Energy infrastructure projects are typically 70 or 80 percent debt-financed, but following the financial crisis many banks are closed for any new lending for the remainder of 2008 and possibly into 2009, developers say.
One tactic to raise cash could be for energy companies with installations participating in the Europoean Union's emissions trading scheme (ETS) to sell their carbon permits.
The EU ETS gives installations a certain quota of emissions permits and forces them to buy more to cover any carbon emissions surplus. Companies can use various trading techniques to sell those permits now and buy them back at a later date.
"With the credit crunch a lot of people are going to be focusing on what they can do to raise cash now and how they can reduce their borrowing costs," said Morgan Stanley's Olivia Hartridge.
In the EU trading scheme, affected companies can raise cash by selling their present quota and buying futures contracts for payment in the future.
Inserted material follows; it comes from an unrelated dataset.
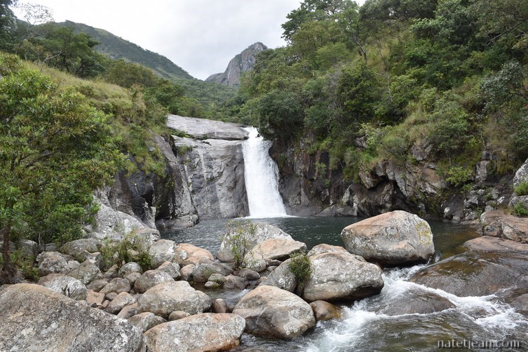 En milieu de journée le lendemain, nous partons faire une balade jusqu'à Queens View (du nom de la reine mère) et Emperor's View (de celui de Haile Selassie I), 2 très beaux points-de-vue sur Zomba et sa région. La montée qui part du dam est assez raide pendant 1 km puis elle devient très agréable lorsqu'on atteint le plateau à 1750 m d'altitude. La première partie n'est pas balisée et il est indispensable de disposer d'un GPS pour s'orienter (merci MapsMe) ensuite, le chemin est large et les points d'intérêts sont indiqués. Nous pique-niquons aux Williams Falls qui se trouvent en contrebas puis nous rejoignons le parking du barrage où se trouve notre camping-car. Avec un petit détour jusqu'aux échoppes de souvenir de l'hôtel Sunbird se trouvant au bout de la route, cela fait une très jolie balade d'environ 13 km. Le soir, nous nous parquons à quelques mètres de notre précédent bivouac sur une aire de pique-nique au bord de l'étang devant la jolie cascade Mandala. Nous dégustons les fruits de la passion et les baies que nous avons achetés aux vendeurs du coin. Un délice! La région est une véritable corne d'abondance, on y trouve tous les légumes et tous les fruits. Au Malawi, il faut manger local. Ne pas vouloir manger selon ses désirs mais prendre ce que l'on trouve en fonction de la saison et de la région. On a un peu de mal à s'y faire mais, en principe, si on ne se plie pas à cette règle on paye plus cher et surtout, on est déçus par la qualité du produit.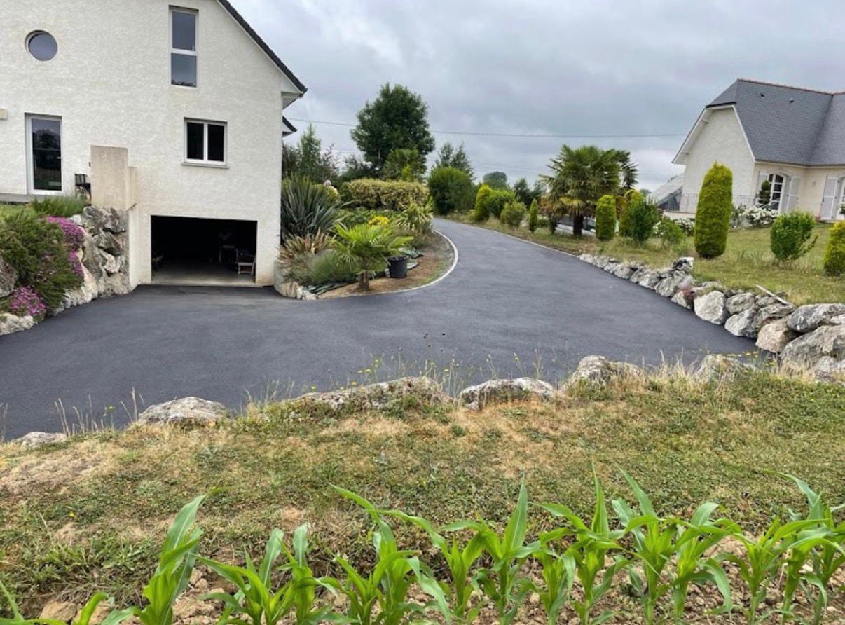 Terrassement, préparation du sol et application d'enrobé pour allées, cours et parkings.

That's an attractive deal at the moment because the higher price of allowances for future delivery does not fully reflect the cost of capital of borrowing from a bank.
"You can effectively shift your allowance allocation earlier and take advantage of the fact the carbon market offers the lowest rate of borrowing in the world at the moment," said Hartridge.
The global carbon market is growing year on year, and is tipped to exceed $100 billion this year versus a traded value of $64 billion last year.
That growth is stimulating mainstream investors to take a look, and banks to develop investment products.
For example, last week Credit Suisse said it would offer the largest deal yet of securitized carbon offsets from developing countries -- an approach which gives investors more clarity concerning delivery risk [ID:nLM279164].
Under the U.N.-led Kyoto Protocol, countries and companies in the developed world can buy carbon offsets to count against their greenhouse gas emissions targets, by investing in clean energy projects in developing countries.
On Thursday, ETF Securities launched a note listed on the London Stock Exchange which gives investors access to the European Union's emissions trading scheme without having to buy the underlying commodity [ID:nLS395467].
But strong carbon markets depend on tough emissions targets worldwide -- and that depends on precarious U.N.-led climate talks to replace or extend the Kyoto Protocol after 2012.
"The longer we have a period of uncertainty not knowing what the international community is going to put in place after 2012 ... then you'll see a tail-off in the products that are on offer," said Hartridge.